Q37. How do you evaluate a RAG system before deploying?

Build an eval dataset: 50-100 question/ground-truth pairs. Measure: context recall (did retrieval find the relevant chunks?), faithfulness (does the answer stay within context?), and answer correctness (semantic similarity to ground truth). Run as xUnit tests in CI — fail the pipeline if faithfulness drops below threshold.

Q38. How do you handle a question that has no answer in the knowledge base?

Instruct the model: "If the answer is not in the provided context, say 'I don't have information about that'". Detect insufficient retrieval: if the top retrieved chunk has similarity below 0.6, skip the LLM call entirely and return a default "I don't know" response. This prevents the model from hallucinating an answer.

Q39. What is the cost breakdown of a typical RAG query?

Embedding the query: ~$0.00002 (cheap). Retrieving top-K: ~1ms Redis/Qdrant lookup (free).

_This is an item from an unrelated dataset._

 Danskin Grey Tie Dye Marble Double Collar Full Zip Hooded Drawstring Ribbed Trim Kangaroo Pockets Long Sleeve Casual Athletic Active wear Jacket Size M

LLM call with 2000 context tokens + 200 output: ~$0.005-0.05 depending on model. At scale: the LLM call dominates. Cache embeddings for repeated queries. Cache LLM responses for identical questions (exact-match cache).

Q40. What is multi-vector retrieval (ColBERT)?

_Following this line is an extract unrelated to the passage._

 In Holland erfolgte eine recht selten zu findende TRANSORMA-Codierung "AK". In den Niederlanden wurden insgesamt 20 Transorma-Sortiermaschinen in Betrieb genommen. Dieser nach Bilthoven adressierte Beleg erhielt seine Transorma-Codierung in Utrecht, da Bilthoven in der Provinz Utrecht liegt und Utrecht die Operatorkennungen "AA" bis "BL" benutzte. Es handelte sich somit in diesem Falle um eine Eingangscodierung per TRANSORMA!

ColBERT generates one embedding per token (not one per document), then computes relevance as the sum of maximum similarities between query tokens and document tokens. More accurate than single-vector retrieval for complex queries, but higher storage and compute cost. Supported in some vector stores natively.

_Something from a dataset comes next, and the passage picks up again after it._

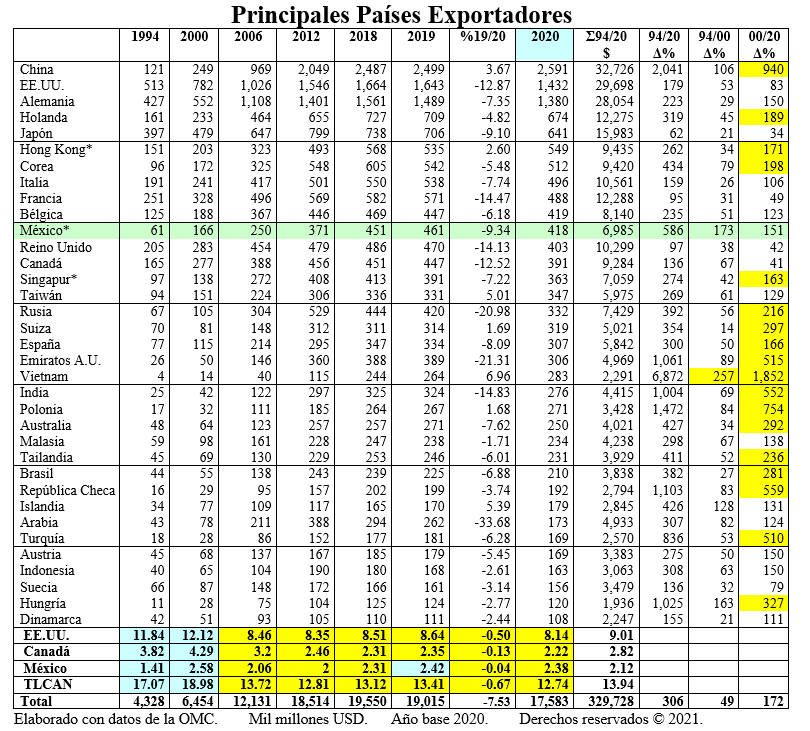 Para el período 1994-2020, China se presenta como el principal país exportador con 32.72 billones USD; Estados Unidos en segundo lugar con 29.69 billones, seguido de Alemania con 28.05; Japón 15.98; Francia con 12.28. Singapur en 14º lugar con 7.05%; y México en el 15º con 6.98 billones USD.

Section 3 — Agents and Tools (Q41–Q60)

Q41. What makes something an "agent" vs a simple LLM call?

An agent runs in a loop: think → act → observe → repeat until done. It has access to tools, can take multiple steps, and can adapt based on what it observes. A simple LLM call is one-shot with no state between calls.

Q42. What is the ReAct pattern?

Reason + Act: the LLM reasons about what to do (Thought), calls a tool (Action), observes the result (Observation), then reasons again. Repeat until the task is done. The conversation history is the agent's memory within a session.

Q43. How does tool calling work in Microsoft.Extensions.AI?

Define C# methods with [Description] attributes. Pass them as AIFunctionFactory.Create(...) in ChatOptions.Tools. With UseFunctionInvocation() middleware: the SDK automatically detects tool call responses, invokes the C# method, and sends the result back — the loop continues until the model produces a text response.

Q44. What is AIFunctionFactory.Create?

Converts a C# delegate or method info into an AIFunction that the LLM can call. Generates the JSON schema for the function's parameters from the C# types and [Description] attributes. The model sees this schema and generates structured tool calls matching the schema.

Q45. How do you prevent an agent from looping forever?

Set a maximum step count (10 is a common limit). Set an absolute timeout on the entire agent run. Monitor for repeated identical tool calls (stuck in a loop). Return a fallback response when the step limit is reached.

Q46. What is a Plan-and-Execute agent?

First: the planner LLM generates a step-by-step plan for the goal. Second: an executor LLM executes each step, one at a time, using tools. More reliable than a single agent making all decisions on the fly — the plan is visible and auditable. Less flexible than ReAct for dynamic situations.

Q47. What is an MCP server?

Model Context Protocol server — a standardised way to expose tools, resources, and prompts to AI assistants. Claude, GitHub Copilot, and Cursor all support MCP. In .NET: decorate classes with [McpServerToolType] and methods with [McpServerTool], host via HTTP + SSE, and AI assistants automatically discover and call your tools.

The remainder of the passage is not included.